#### WHAT IS BEING ASKED
Copy from the first line below down to and including the line with "Q10 also reduced". Skip the pictures.

#### RECORDED INFORMATION
::::::::::

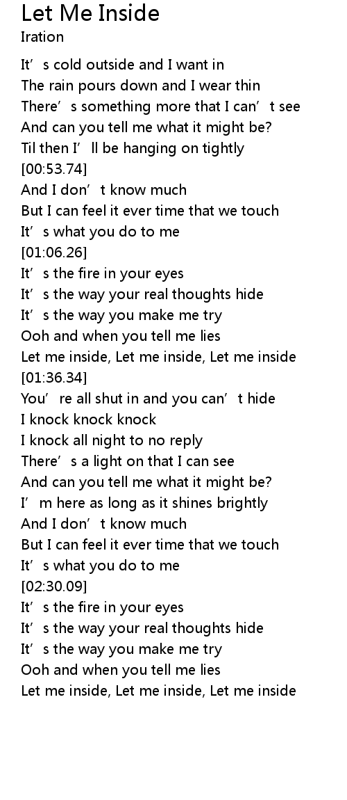 | [02:52.47] | Let me inside, Let me inside, Let me inside |
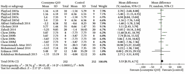 Q10 also reduced fasting glucose levels. This effect, and the reduction of the glycosylated hemoglobin concentration, show that Q10 supplementation helps control glucose levels. There was a trend that Q10 reduced insulin resistance, but this was not statistically significant.
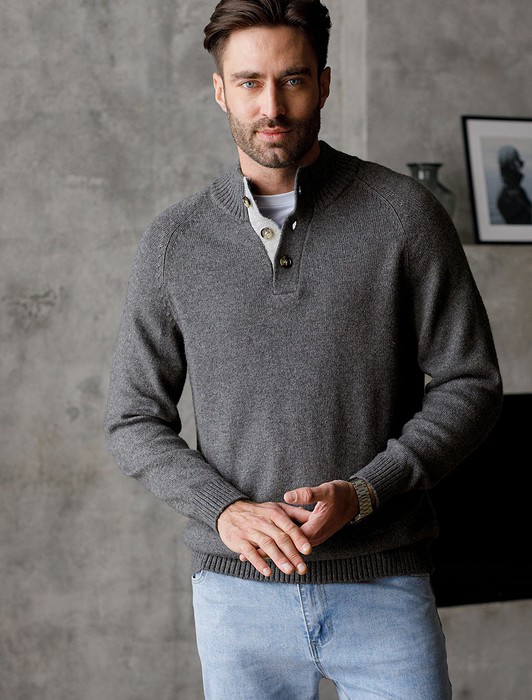 Совместные покупки Омск Мужская одежда Футболки — Свитер из теплой пряжи с шерстью с застежкой на крупные пуговицы
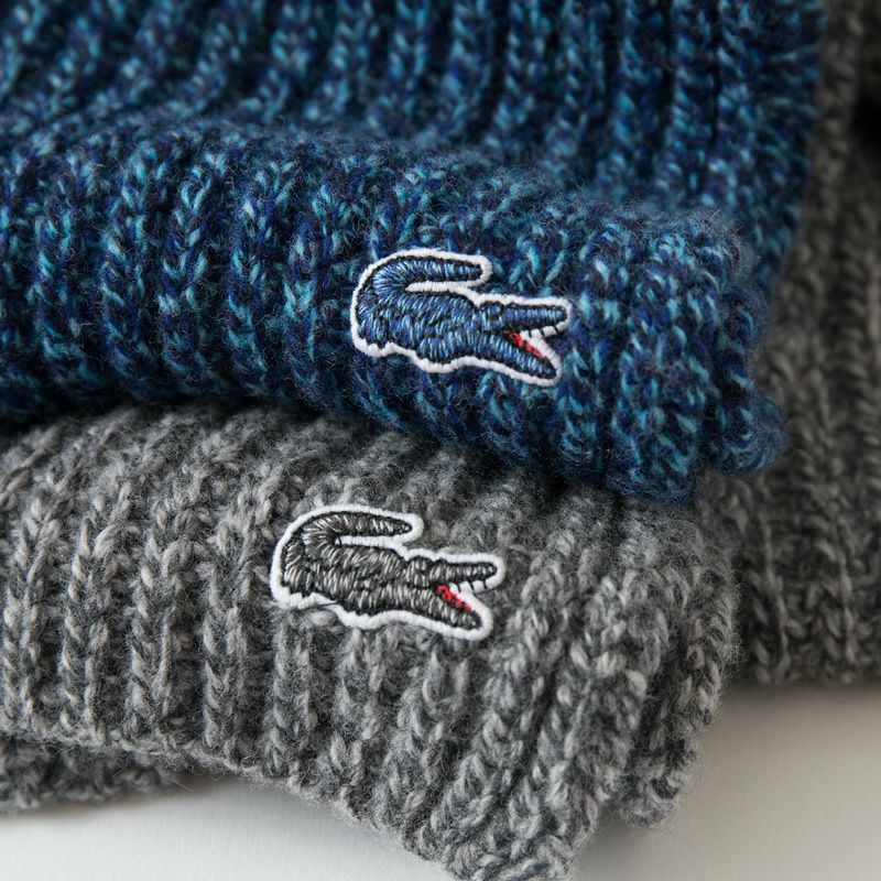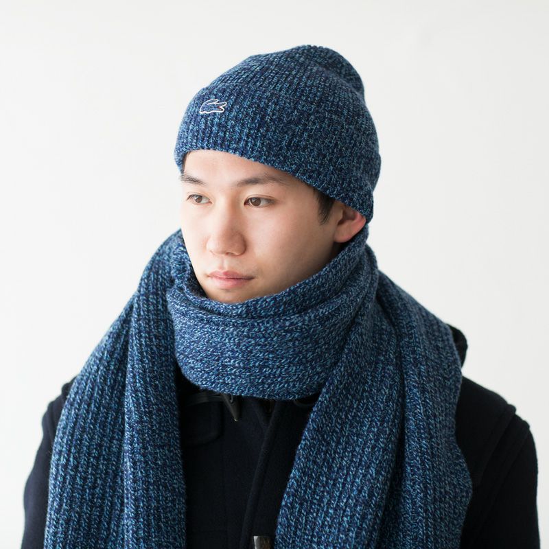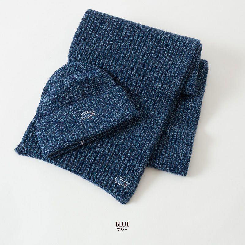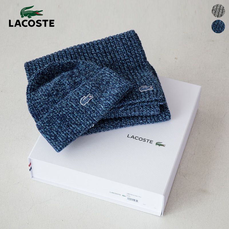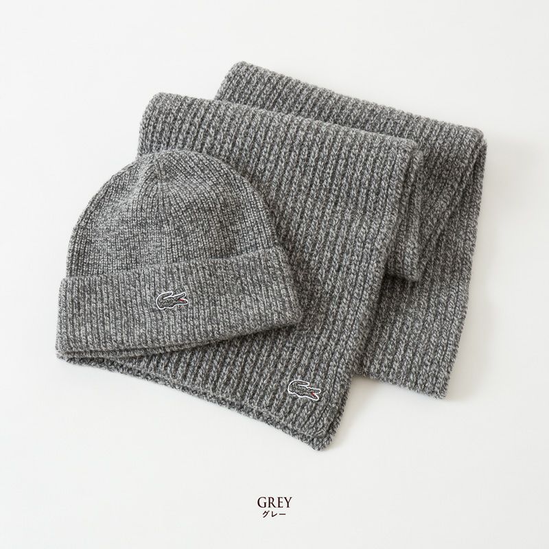ラコステ リブ ヘザー ウール ビーニー&スカーフ セット RB7399 フランス製 マフラー ニット帽 ギフトボックス付き

::::::::::

#### ANSWER BELOW
 | [02:52.47] | Let me inside, Let me inside, Let me inside |
 Q10 also reduced fasting glucose levels. This effect, and the reduction of the glycosylated hemoglobin concentration, show that Q10 supplementation helps control glucose levels. There was a trend that Q10 reduced insulin resistance, but this was not statistically significant.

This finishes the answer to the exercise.